- Born: Muriel Nikki Brink March 7, 1928 Detroit, Michigan, U.S.
- Died: November 10, 2014 (aged 86) Tallahassee, Florida, U.S.
- Education: Skidmore College (BA)
- Occupations: Activist, feminist, lobbyist, journalist
- Known for: Florida's National Organization for Women
- Spouse: Richard A. Beare ​(m. 1946)​
- Children: 1
- Awards: Florida Women's Hall of Fame (1994)

= Nikki Beare =

American feminist (1928–2014)

Nikki Beare (March 7, 1928– November 10, 2014) was an American feminist, journalist, and lobbyist who served as president of Florida's National Organization for Women (NOW) chapter.

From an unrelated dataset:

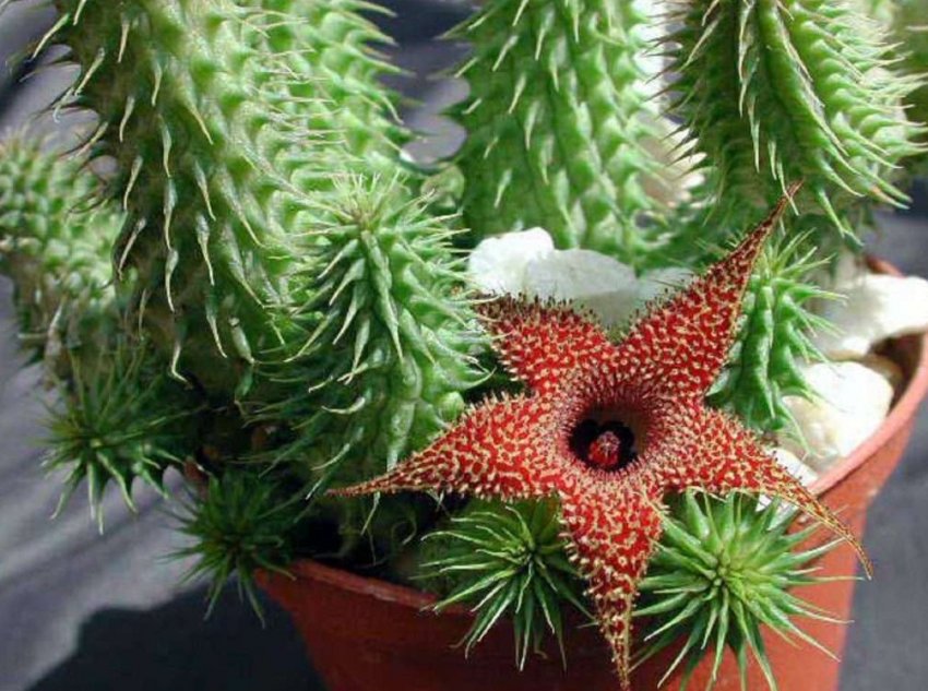 Это комнатное растение украшает пейзажи дикой природы в Южной Африке. Красивые цветы и причудливые стебли – это те качества, которые привлекают цветоводов. Но сами цветы – привлекаю мух своим неприятным запахом. Не рекомендуется держать это растение в спальне, детской, тесных помещениях.

Beare began working as a journalist for The Miami News before fully committing to the fledgeling feminist movement in Florida. She was hired as a lobbyist by NOW in an effort to pass the Equal Rights Amendment and worked to fight instances of job and insurance discrimination. Beare was invited to the Third and Fourth World Conference on Women in 1985 and 1995.

She was inducted into the Florida Women's Hall of Fame in 1994.

==Early life==
Muriel Nikki Brink was born on March 7, 1928, in Detroit, Michigan, as the only daughter of parents Stanley and Dorothy Brink. She also had one younger brother named Stanley Jr. Her father was a basketball player and her mother worked so she was raised by housekeepers. Growing up, she attended Noble Grade School, Tappan Intermediate, and Cass Technical High School. She graduated from Cass Technical High School in 1946 and married Richard A. Beare. Their daughter Sandra was born in 1947.

==Career==
The family moved to Islamorada, a village in the Florida Keys, in 1956 where she wrote for the Key West Citizen newspaper before moving to Miami. In 1962, Beare published a book titled From turtle soup to coconuts; a gourmet guide to good eating and restaurants on the Florida Keys.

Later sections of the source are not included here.